__AIM OF THE TASK__: With the pictures left out, write every entry down exactly.

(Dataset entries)
--

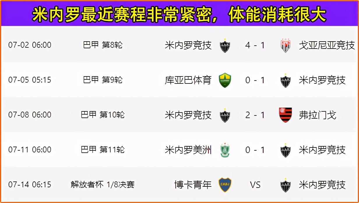 要知道米内罗可是要在14天内打5场比赛,而且有3个客场,体能消耗特别大、备战时间也不够。
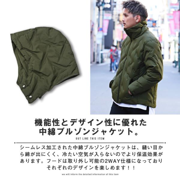 ブルゾン メンズ ジャケット 中綿 フード 取り外し 2WAY 暖か 防寒
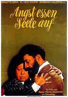 Ali: Fear Eats the Soul (German: Angst essen Seele auf, lit. 'Fear Eat Soul Up') is a 1974 West German film written and directed by Rainer Werner Fassbinder, starring Brigitte Mira and El Hedi ben Salem. The film won the International Federation of Film Critics award for best in-competition movie and the Prize of the Ecumenical Jury at the 1974 Cannes Film Festival.[2] It is considered to be one of Fassbinder's most powerful works and is hailed by many as a masterpiece.
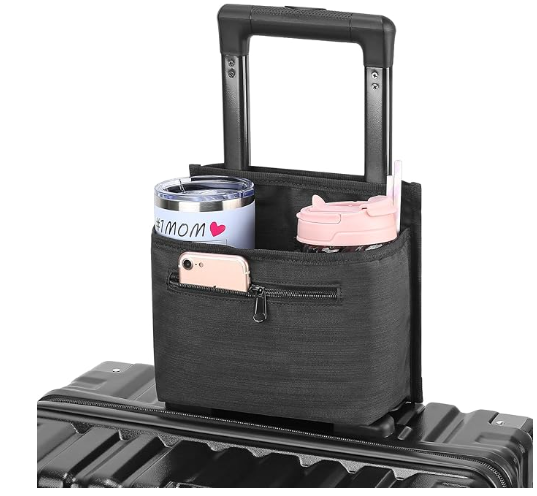 GAME CHANGER!! Luggage Travel Cup Holder Attachment for Suitcase -holds your phone and has a zip compartment to hold ticket, passport and a few dollars!! https://amzn.to/4nIv0TQ
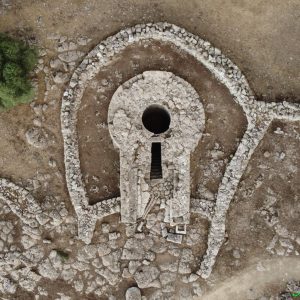 Impianto di vinificazione d’epoca romana rinvenuto presso il Nuraghe Arrubiu.
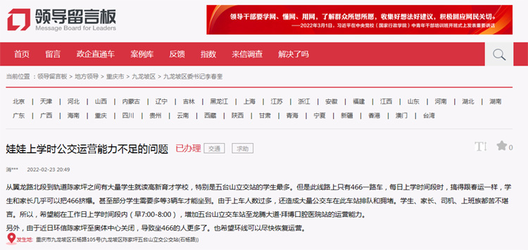 網友在2月23日的留言中稱,從九龍坡區翼龍路北段到軌道陳家坪之間有大量學生就讀高新育才學校,特別是五臺山立交站的學生最多!暗窃摼路只有466一路車,學生和家長幾乎把466擠爆,甚至部分學生需要多等3輛車才能坐到。由于上車人數過多,還造成大量公交車在此排隊和擁堵!睂Υ,他建議在工作日上學時間段內(早7:00-8:00),增加該路段公交車運營能力。
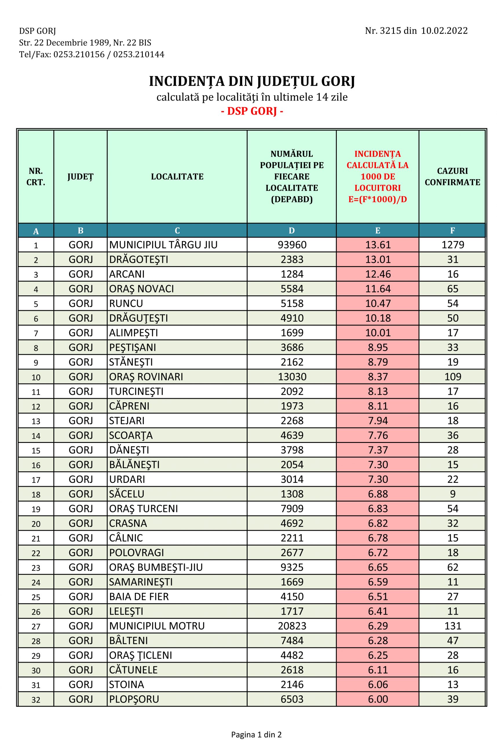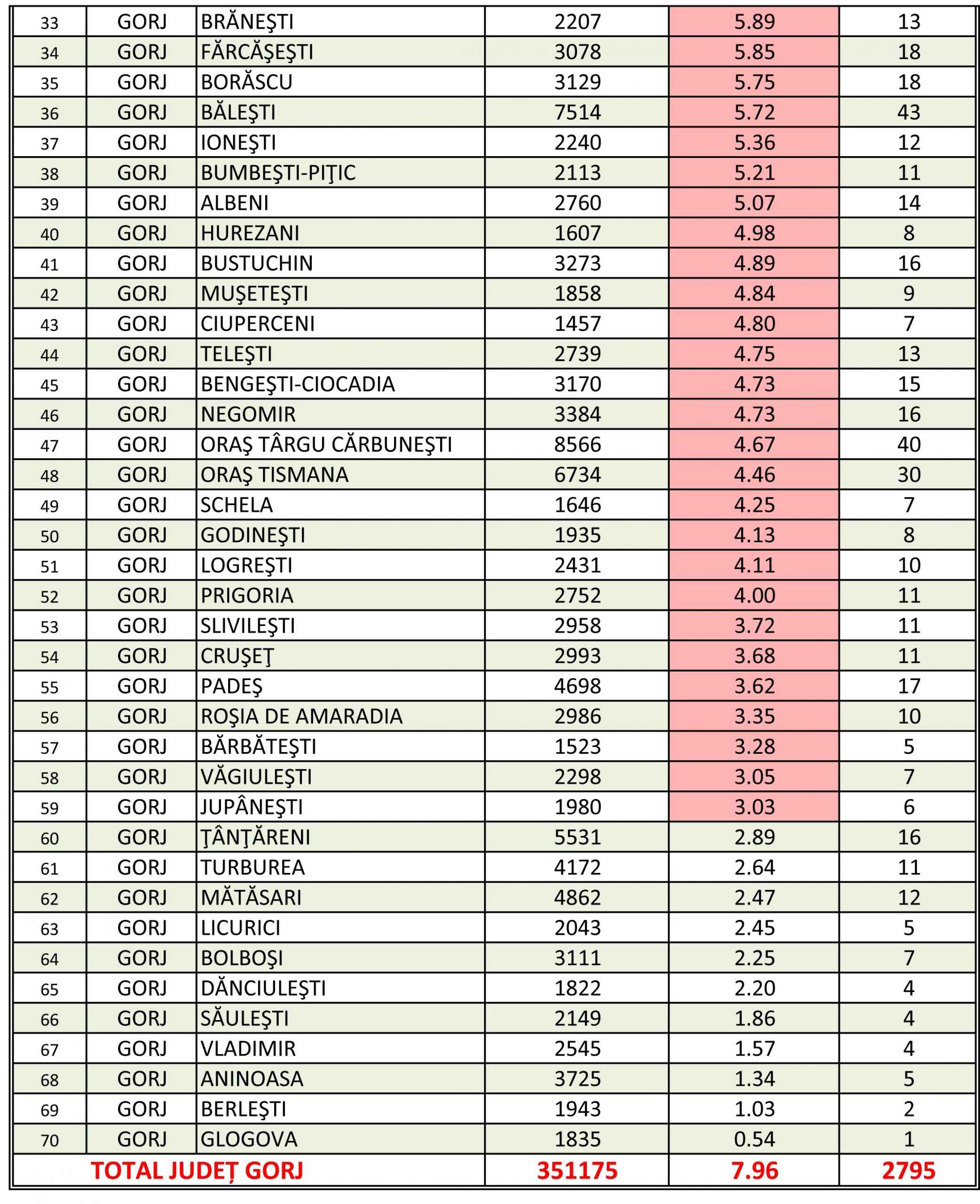 În șapte localități din Gorj, rata de infectare este mai mare de 10 cazuri la mia de locuitori. Este vorba de municipiul Târgu-Jiu, comuna Drăgotești, comuna Arcani, orașul Novaci și comunele Runcu, Drăguțești și Alimpești.
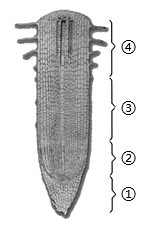 11、小明参与“种一棵梭梭树”志愿活动时,发现之前栽的梭梭树幼苗根部深深扎人沙层。如图是根尖结构图,根能不断向下生长主要依靠( )A、①② B、②③ C、③④ D、②④

--

__EXERCISE RESPONSE__:
 要知道米内罗可是要在14天内打5场比赛,而且有3个客场,体能消耗特别大、备战时间也不够。
 ブルゾン メンズ ジャケット 中綿 フード 取り外し 2WAY 暖か 防寒
 Ali: Fear Eats the Soul (German: Angst essen Seele auf, lit. 'Fear Eat Soul Up') is a 1974 West German film written and directed by Rainer Werner Fassbinder, starring Brigitte Mira and El Hedi ben Salem. The film won the International Federation of Film Critics award for best in-competition movie and the Prize of the Ecumenical Jury at the 1974 Cannes Film Festival.[2] It is considered to be one of Fassbinder's most powerful works and is hailed by many as a masterpiece.
 GAME CHANGER!! Luggage Travel Cup Holder Attachment for Suitcase -holds your phone and has a zip compartment to hold ticket, passport and a few dollars!! https://amzn.to/4nIv0TQ
 Impianto di vinificazione d’epoca romana rinvenuto presso il Nuraghe Arrubiu.
 網友在2月23日的留言中稱,從九龍坡區翼龍路北段到軌道陳家坪之間有大量學生就讀高新育才學校,特別是五臺山立交站的學生最多!暗窃摼路只有466一路車,學生和家長幾乎把466擠爆,甚至部分學生需要多等3輛車才能坐到。由于上車人數過多,還造成大量公交車在此排隊和擁堵!睂Υ,他建議在工作日上學時間段內(早7:00-8:00),增加該路段公交車運營能力。
 În șapte localități din Gorj, rata de infectare este mai mare de 10 cazuri la mia de locuitori. Este vorba de municipiul Târgu-Jiu, comuna Drăgotești, comuna Arcani, orașul Novaci și comunele Runcu, Drăguțești și Alimpești.
 11、小明参与“种一棵梭梭树”志愿活动时,发现之前栽的梭梭树幼苗根部深深扎人沙层。如图是根尖结构图,根能不断向下生长主要依靠( )A、①② B、②③ C、③④ D、②④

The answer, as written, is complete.